An American author, journalist, poet, screenwriter and film critic. In the 1940s, he was one of the most influential film critics in the U.S. His autobiographical novel, A Death in the Family (1957), won the author a posthumous Pulitzer Prize.
Life
Agee was born in Knoxville, Tennessee, at Highland Avenue and 15th Street (renamed James Agee Street in 1999) to Hugh James Agee and Laura Whitman Tyler. When Agee was six, his father died in an automobile accident. From the age of seven, he and his younger sister, Emma, were educated in boarding schools. The most influential of these was located near his mother's summer cottage two miles from Sewanee, Tennessee. Saint Andrews School for Mountain Boys was run by Episcopal monks affiliated with the Order of the Holy Cross, and it was there that Agee's lifelong friendship with an Episcopal priest, Father James Harold Flye, began in 1919. As Agee's close friend and spiritual confidant, Flye was the recipient of many of Agee's most revealing letters.
Agee went to Knoxville High School for the 1924–1925 school year, then travelled with Father Flye to Europe. On their return, Agee moved to boarding school in New Hampshire, entering the class of 1928 at Phillips Exeter Academy. There, he was president of The Lantern Club and editor of the Monthly where his first short stories, plays, poetry and articles were published. Agee was admitted to Harvard University's class of 1932. He was editor-in-chief of the Harvard Advocate.
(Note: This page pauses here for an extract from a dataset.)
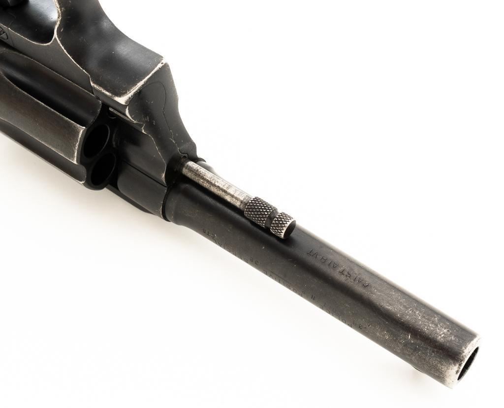 Royal Hong Kong Police Marked Colt Police Positive Special (3rd Issue) Double Action Revolver, #745794, .38 Colt N.P. cal., 4" barrel, blue finish, checkered walnut two-piece grips with Colt medallions, lanyard ring, serrated blade front and fixed square-notch rear sight. "(Rampant Colt)" marked at the left rear is only partially visible, with "RHKP 8645" along the backstrap. Import marked on the underside of the barrel. Mfgd1959. Revolver is in very good overall condition, with general holster wear that is consistent with service use, retaining approx. 85%-90% thinning finish. Frame shows edgewear and scattered spots of light corrosion, grip straps are toning dark. Trigger guard with small mars and wear around the edges. Grips are in very good condition with some smoothing of the checkering, showing minor impressions on the right panel. Action functions well and locks up securely. Bore is very good with mild erosion at the breech; rifling is strong. Est.: $500-$700. (C&R/PPT)
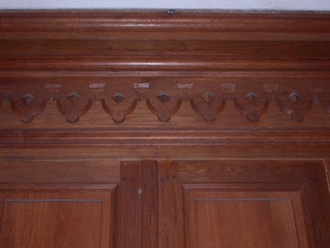 Ensemble de meubles de sacristie : chasublier, 7 armoires de sacristie, 3 placards, lambris de revêtement, bureau,

In 1951 in Santa Barbara, Agee, a hard drinker and chain-smoker, suffered the first two in a series of heart attacks, which ultimately claimed his life four years later at the age of 45. He was buried on a farm he owned at Hillsdale, New York.
Career
After graduation, he wrote for Fortune and Time magazines, although he is better known for his later film criticism in The Nation. In 1934, he published his only volume of poetry, Permit Me Voyage.
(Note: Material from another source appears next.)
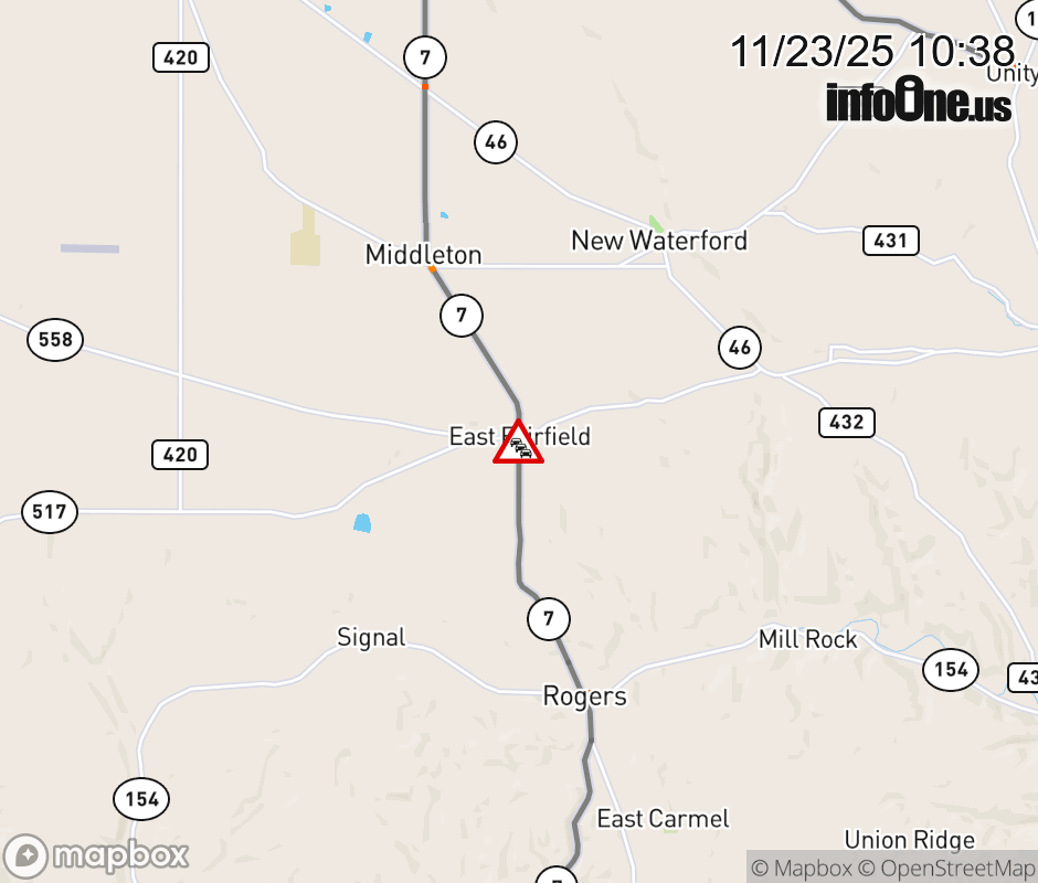 All lanes are closed on SR-7 North at US-30/SR-11 all lanes are closed on SR-7 South at SR-558, due to an other incident. Updated: Sun 11/23/25 10:38 AM EST ![]() Updated: Sun 11/23/25 10:38 AM EST |

In the summer of 1936, Agee spent eight weeks on assignment for Fortune with photographer Walker Evans living among sharecroppers in Alabama. Agee turned the material into a book entitled, Let Us Now Praise Famous Men (1941). It sold only 600 copies before being remaindered.
In 1942, Agee became the film critic for Time and, at one point, reviewed up to six books per week. Together, he and friend Whittaker Chambers ran "the back of the book" for Time. He left to become film critic for The Nation. In 1948, however, he quit both magazines to become a freelance writer. One of his assignments was a well-received article for Life Magazine about the great silent movie comedians, Charles Chaplin, Buster Keaton, Harold Lloyd and Harry Langdon, which has been credited for reviving Keaton's career. As a freelance in the 1950s, he continued to write magazine articles while working on movie scripts, often with photographer Helen Levitt.
Agee was an ardent champion of Charlie Chaplin's then extremely unpopular film Monsieur Verdoux (1947), which has since become a film classic. He was also a great admirer of Laurence Olivier's Henry V and Hamlet, especially Henry V, for which he actually published three separate reviews, all of which have been printed in the collection Agee on Film.
Legacy
Let Us Now Praise Famous Men, ignored on its original publication in 1941, has been placed among the greatest literary works of the 20th Century by the New York School of Journalism and the New York Public Library.